I just ordered new glasses, which was both purchasing a thing and having an experience if getting temporally blinded counts.
The ability to thoughtfully match one's shoes with one's outfit because you have more choices, and, more broadly, the ability to surprise yourself with how you dress in the morning are both experiences.
I hate when right as I press post and can no longer edit I see that I switched pronouns mid stream.
When people say they love shoes, they should clarify if they mean owning/wearing shoes or like stealing them to sniff and the like.
Hating things is an experience.
Without evidence, I figure higher SES people probably buy things they need when they need them. Experiences are more of a special occasion thing. Lower SES people can't always buy the things they need when they need them so they save up; finally having the need satisfied is a bigger deal. (For loose values of "need" that include getting a new TV when the old one breaks.)
As a further experiment, they should have the well-off people walk in busted shoes for three months, and see how they feel when they get new ones.
I think you summed it up nicely - marginal return of material goods which can be used over and over is less for people who already have a lot of material goods. Vice versa for experiences. Shit, ideas of scarcity value have been around for ever.
Maybe a more interesting thought - does the rise of internet conversation / wikipedia type standards, which often requires citations (Citation please!), drive a lot of these studies being produced?
Assuming we were discussing this topic in a world where this study doesn't exist - does the conversation go better or worse than our world, where people can now cite this study?
I've always valued experiences (cinema, concerts, travel) more than purchases even when I was poor. OTOH I am positively delighted with my new sports car.
13 and 14 are correct. Periodically it seems like the New York Times runs a profile of some tech type who has figured out the key to happiness is only owning 100 objects. And the response is, sure, if you can always buy new things when you need them, no need to have them cluttering up the house all the time.
15: Yeah, even when I was at minimum wage (but still comfortably living at home), things didn't excite me much.
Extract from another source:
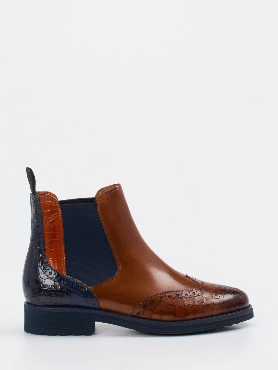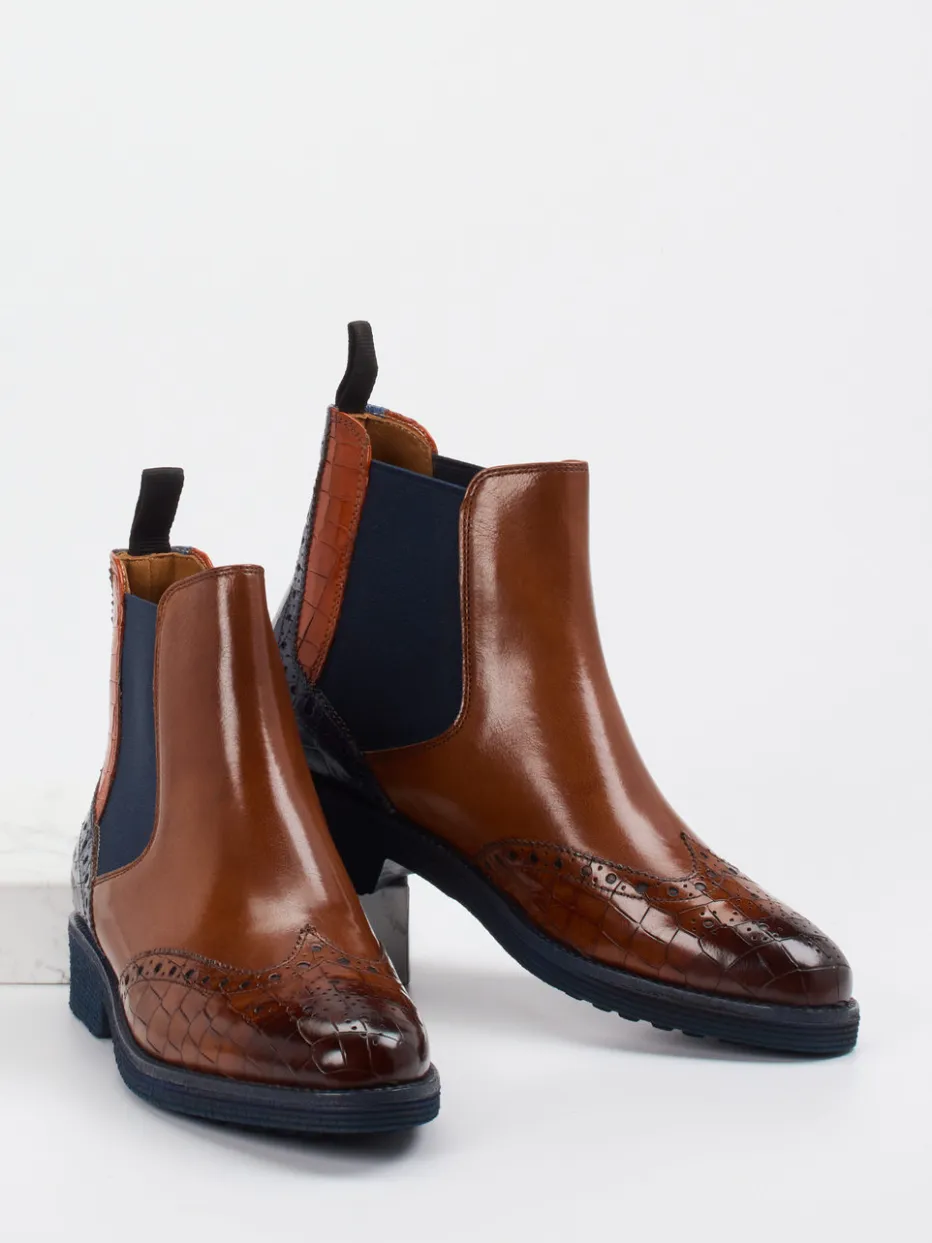 Stilvoller Auftritt im herrenklassischen Look.Melvin & Hamilton präsentiert diese Chelsea Boots für Herren aus edlem Kalbleder. Die schmal zulaufenden Stiefeletten in Mittelbraun mit kontrastierender dunkelblauer Profilsohle überzeugen durch ihre glänzende zweifarbige Kroko-Prägung und stilvolle Brogue-Details. Elastikeinsätze und eine praktische Zuglasche bieten komfortables Anziehen, während die Gummisohle sicheren Halt im urbanen Alltag gewährleistet. Die klassische Silhouette passt sowohl zur Business-Garderobe als auch zu minimalistischen Casual-Looks. Heritage trifft auf Quiet Luxury – perfekt für die Herbst/Winter-Saison. Ein charakterstarker Schuh für anspruchsvolle Herren mit Stilbewusstsein.

I've been teased as a penny pincher or complimented on my frugality-- weirdly, I get pleasure from stretching resources or making do. (Probably due to a childhood filled with "waste not, want not".)
I can absolutely see an income below which I'd really be cheering purchases -- where a splurge would be getting a better version of a useful thing. Since I'm well above that threshold, objects have to prove themselves -- I feel guilt if I buy a thing and don't use it, or don't use it much.
In conclusion, we need a Value Added Tax to add all these Experiences to the tax base.
15: I guess since Halford isn't around, I'll ask - what kind of sports car did you get?
Did Hanford steal cars if they were a certain kind?
18
Gamifying the real world, one in-app charge at a time.
18
Gamifying the real world, one in-app charge at a time.
Wife and I can't even buy each other presents because if there's something moderately priced that we need we just buy it; If it's high priced we're not going to buy it as a surprise because we have to discuss large purchases. Have I mentioned what happened when I followed Ogged's toilet advice?
I don't remember ogged's toilet advice. Always go before you have the house? Never wash your hands in an Arby's?
I don't think I would buy a sports car if I had nowhere cool to drive it. I pretty much gave up on driving entirely when I left California, but if I were to buy a car, I guess it would be a Pursuit Special.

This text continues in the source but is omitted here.